"As usual, doctor," said Archie, faintly. "I've broken mother's last pitcher."
"And your leg, I see," observed the doctor, with professional directness. "Well, my boy, you must be taken home. Grace, drive home for me, and tell the boys to bring a cot here as soon as possible. Meanwhile I'll set Archie's leg. It's only a simple fracture." And the doctor, from his black bag, brought out bandages and instruments. No army surgeon on the field of battle was quicker and gentler than Doctor Wainwright, whose skill was renowned all over our country-side.
"What is there about the Vanderhovens?" inquired Grace that night as they sat by the blaze of hickory logs in the cheery parlor of Wishing-Brae.
"The Vanderhovens are a decayed family," her father answered. "They were once very well off and lived in state, and from far and near gay parties were drawn at Easter and Christmas to dance under their roof. Now they are run out. This boy and his mother are the last of the line. Archie's father was drowned in the ford when we had the freshet last spring. The Ramapo, that looks so peaceful now, overflowed its banks then, and ran like a mill-race. I don't know how they manage, but Archie is kept at school, and his mother does everything from ironing white frocks for summer boarders to making jellies and preserves for people in town, who send her orders."

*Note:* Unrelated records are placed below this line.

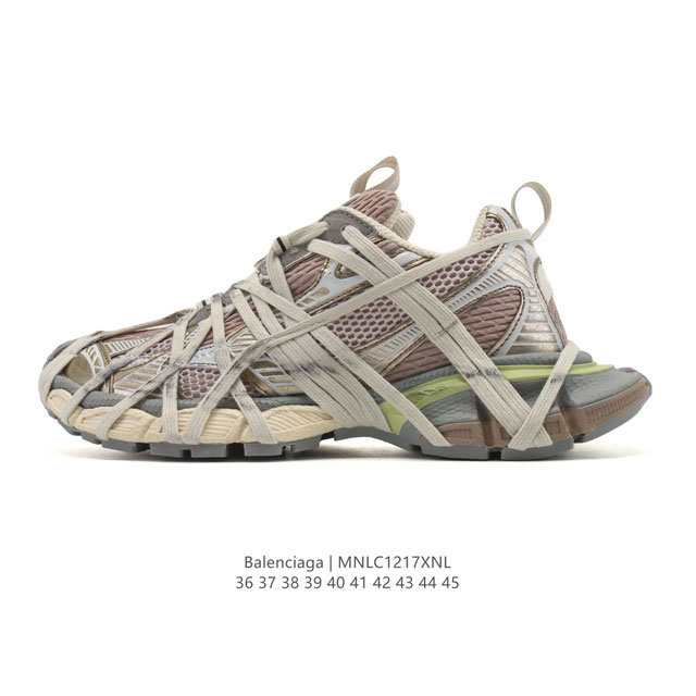Company Grade Balenciaga 3XL Sneakers. Balenciaga 10th Generation Mesh Lace-up Low-Top Runway Retro Dad Sneakers. Deconstructed lace-up breathable mesh upper and polyurethane distressed effect. Balenciaga logo on the toe and heel. Embossed size on the upper and heel. 3XL rubber branding and reflective details on the tongue. Reflective details on the collar and tongue pull tabs. Spare laces are located on the front of the shoe and can be removed before wearing for different styling options. True to size. Sizes: 36-45. Code: Mnlc1217Xnl.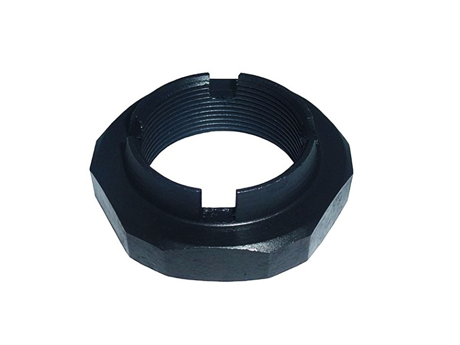 Porca castelo projetada para fixação do pino da manga do eixo em veículos comerciais das famílias Volvo FH, NH, FM e VM. Esta peça é essencial para garantir a segurança e o correto funcionamento do conjunto do eixo, mantendo a integridade estrutural durante a operação do caminhão.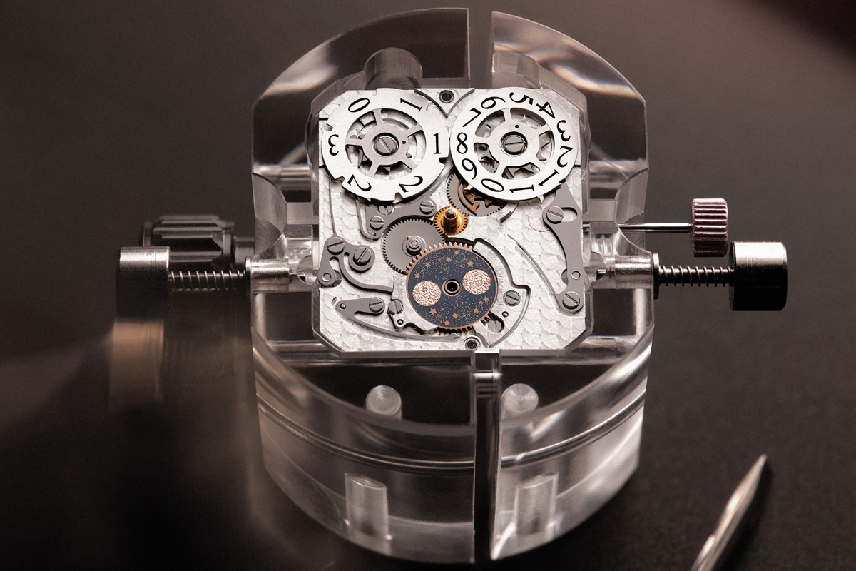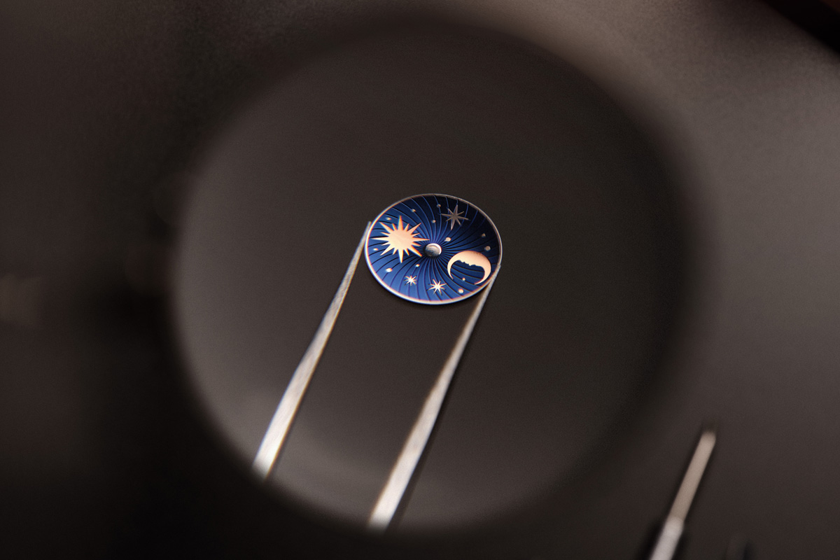 “In particolare, il cielo stellato che circonda la funzione giorno/notte: all’inizio volevamo farlo con un rivestimento elettrolitico per avere un blu speciale”, racconta ancora Lionel Favre. “Ma era difficile: la qualità raggiunta non ci soddisfaceva, l’applicazione del colore non era uniforme. Così abbiamo incaricato l’atelier Métiers Rares di trovare la soluzione. I nostri artigiani lo hanno quindi realizzato in lacca, a mano. Ora è molto bello, e ha una sfumatura particolare, leggermente diversa dal nostro design originario”.

"Is she an educated woman?" inquired Grace.
"That she is. Mrs. Vanderhoven is not only highly educated, but very elegant and accomplished. None of her attainments, except those in the domestic line, are available, unhappily, when earning a living is in question, and she can win her bread only by these housekeeping efforts."
"Might I go and see her?"
"Why yes, dear, you and the others not only might, but should. She will need help. I'll call and consult Mrs. Raeburn about her to-morrow. She isn't a woman one can treat like a pauper—-as well born as any one in the land, and prouder than Lucifer. It's too bad Archie had to meet with this accident; but boys are fragile creatures."
And the doctor, shaking the ashes from his pipe, went off to sit with his wife before going to bed.
"I do wonder," said Grace to Eva, "what the boy was doing with the old Puritan pitcher, and why a Vanderhoven should have boasted of coming over in the Mayflower?"